Ask anyone how things are going, and more often than not you’ll get the same harried response, “things are busy!”

Today’s culture, both in the workplace and in personal life, has created the idea that being busy is the same as being important. Many people wear their busyness as a badge of honour, as though it somehow shows just how much they are contributing in their role.

Unfortunately, the response “I’m busy” actually demonstrates the exact opposite. It tells people that you lack strategic focus, or that you are unable to prioritize your time effectively. It shuts down opportunities for meaningful conversation, and it perpetuates an environment where lots of tasks are being completed, but nothing is actually being done.

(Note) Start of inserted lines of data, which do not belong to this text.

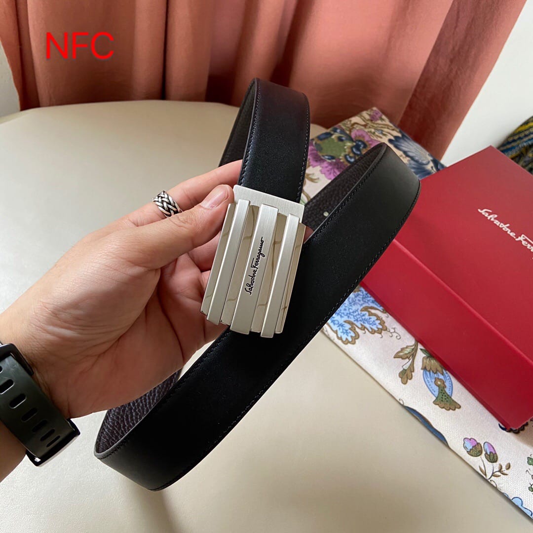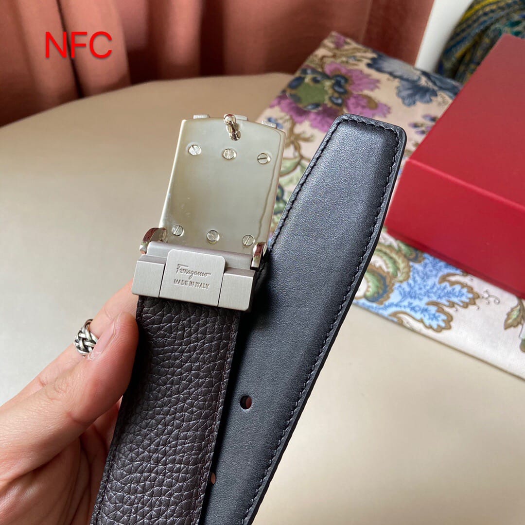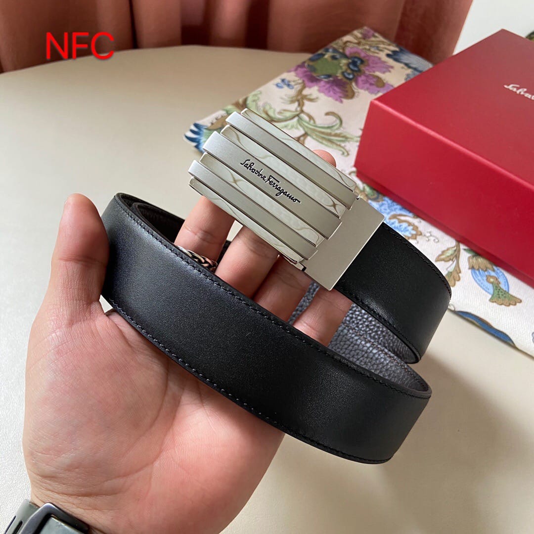 支持NFC芯片认证 代购级别 (非市场货)菲拉格慕 新款男士原单腰带,头层牛皮压花,搭配新款尾夹扣!?带宽35mm,可裁剪长度??全套包装,休闲时尚
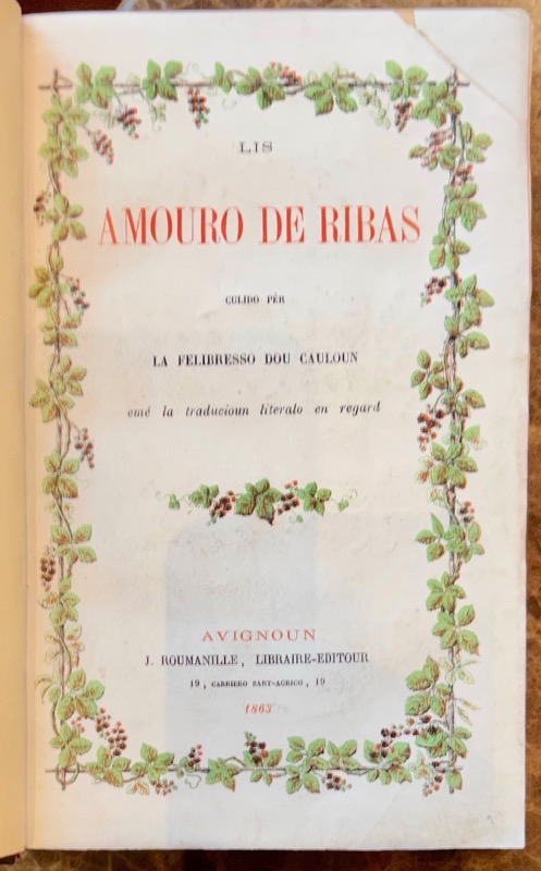 Édition originale bilingue en langue d’oc avec la traduction française en regard du premier recueil de poésie en Provençal moderne écrit par une femme, La Felibresso dou Cauloun, pseudonyme de Marie-Louise Martin connue sous le nom de Marie d’Arbaud (1844-1927). Elle est la mère de Joseph d’Arbaud le « Prince de Camargue » (1874-1950) considéré avec Frédéric Mistral comme le meilleur écrivain d’expression provençale. Ce recueil tient à ce titre une place particulière dans l’histoire du félibrige, le mouvement de renaissance littéraire provençale. Bel exemplaire de ce livre rare relié en maroquin signé Chabert fils avec sa couverture conservée. Pales rousseurs.
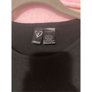 Windsor bejeweled me rhinestone, long sleeve, black fringe, top size small
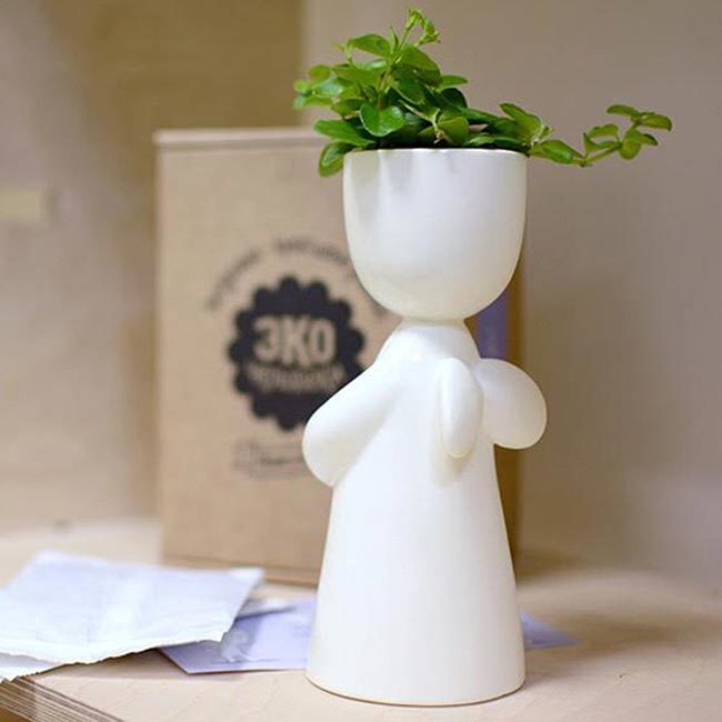 Самый воздушный и самый окрыленный Экочеловек Ангел! Ангелок - керамическая фигурка белого цвета. Это оригинальный подарок любимой на день рождения или на любой другой праздник, а также коллеге. Высота фигурки: 17,5 см. В набор входят фигурка, грунт, семена и инструкция для посадки.
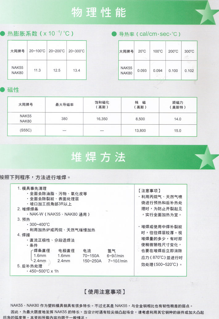 日本大同NAK80:高鏡面型40HRC級預硬鋼

As an effective leader, it’s time to remove this response from your vocabulary. You’re better than that. You’re focused, creative, strategic, and you emphasize outcomes, not problems. But as soon as you say you’re busy, you discredit yourself and lose the opportunity to demonstrate your capabilities.

The problem with being busy.

Busy leaders are reactive. They zero in on the tasks that are directly in front of them instead of taking the time to consider whether these tasks are truly moving the organization in the right direction.

Instead, you need to consider the strategic importance of what you are working on. This lets you focus on outcomes, and gives you a way to evaluate whether or not you’re taking the steps required to achieve these outcomes.

Of course, focusing on outcomes isn’t easy, especially if you’re frantically jumping from task to task. It requires careful and thoughtful consideration each time you’re faced with a decision.

Imagine you’ve just been invited to a last minute meeting. Unfocused leaders think “I don’t have time for this! I can’t take another meeting.” But this is problem based thinking, and it doesn’t do anything to advance your organization. Instead, ask yourself “Does this meeting move us closer to our desired outcomes?” If yes, then take the meeting enthusiastically! If not, you can remain focused on the initiatives that are a more valuable use of your time.

Overcoming busyness must be intentional.

Many people fear downtime. Whether consciously or subconsciously, we’re often terrified that if we aren’t working on something, we’re wasting our time. Think of that feeling of anxiety when there is an open space in your calendar. This leads us to take on tasks that do little to achieve our desired outcomes, just so we feel we’re completing something.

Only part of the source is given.